L’intérieur était dément. Non seulement tous les murs étaient couverts de signes, symboles, dessins, runes et autres marques à la fonction moins évidente, mais c’était aussi le cas du plafond, du sol et –semble-t-il– de chaque gravat jonchant la pièce unique, en tant que seul mobilier. Le tout avait un caractère plus que mystique –je dirais occulte– et assez incommodant. Mais vous savez qu’il en faut bien plus pour m’incommoder, mon père. C’est dans cette chaumière de démonistes (je ne vois pas comment l’appeler autrement) que j’ai pansé mes blessures et que j’ai pris repos jusqu’à l’aube.

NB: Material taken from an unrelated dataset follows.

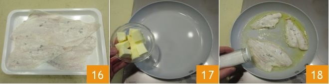 Nachdem alle Filets gemehlt sind 16, erhitzen Sie die Butter in einer beschichteten Pfanne 17, legen Sie dann vorsichtig die Filets hinein 18, und würzen Sie mit Salz.
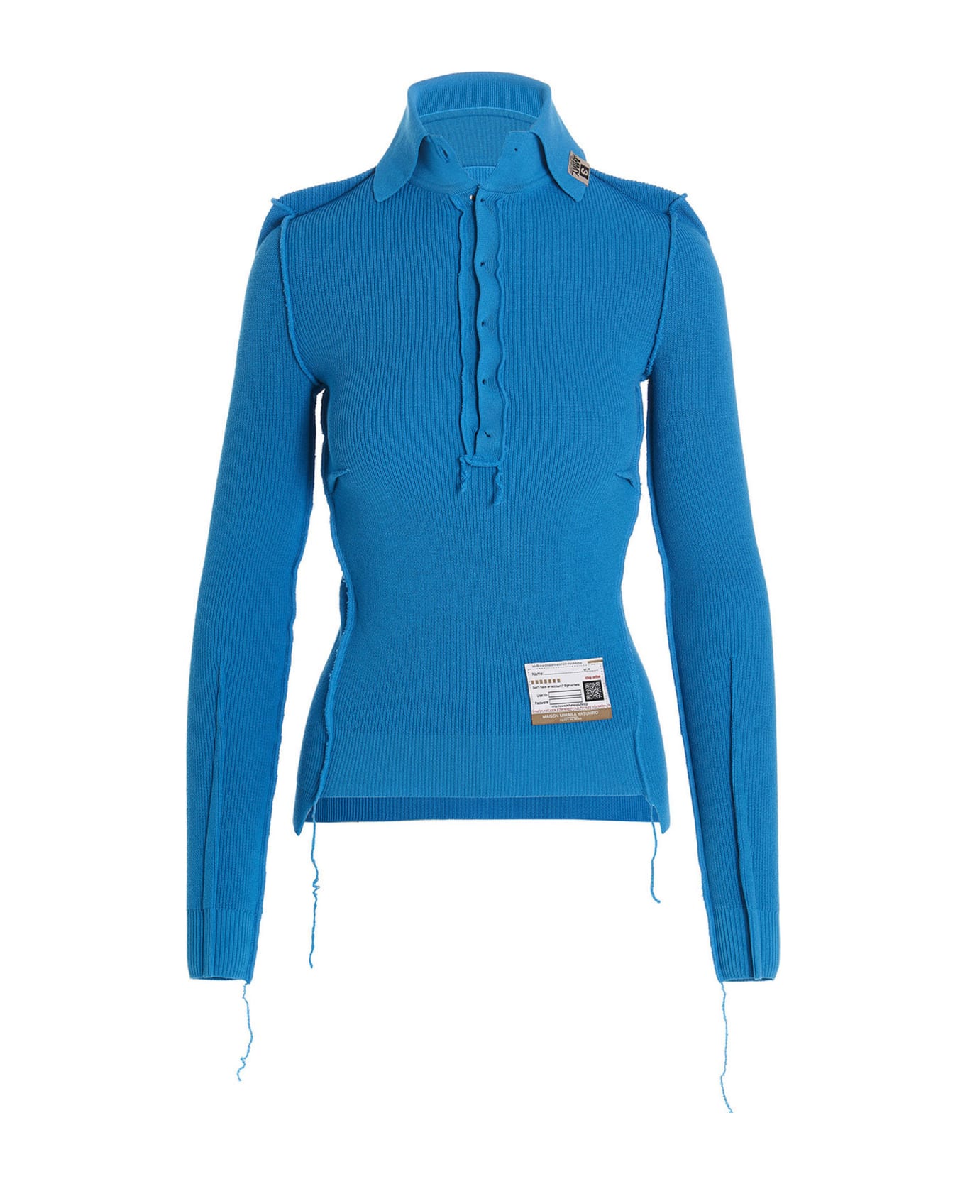 Cotton blend sweater with visible stitching, a polo collar, a removable high collar, long sleeves, used effect details.

A présent, la magie a presque refermé la plaie et je vais pouvoir poser ma plume et quitter l’auberge pour une nouvelle journée. Dès que possible, je chercherai le sens des quelques runes que j’ai mémorisées et je ne manquerai pas de questionner sur cette étrange bâtisse.

Par Kyriane Feals le 19/4/2002 à 17:40:26 (#1312432)

:lit:

Très très très... intéressant.
C'est la mode des journaux intimes. Encore!

Par Ezaathe le 20/4/2002 à 11:16:51 (#1316064)

Hop la première partie pour la peine :merci:

Par Ancoly Enslaved le 20/4/2002 à 12:14:53 (#1316313)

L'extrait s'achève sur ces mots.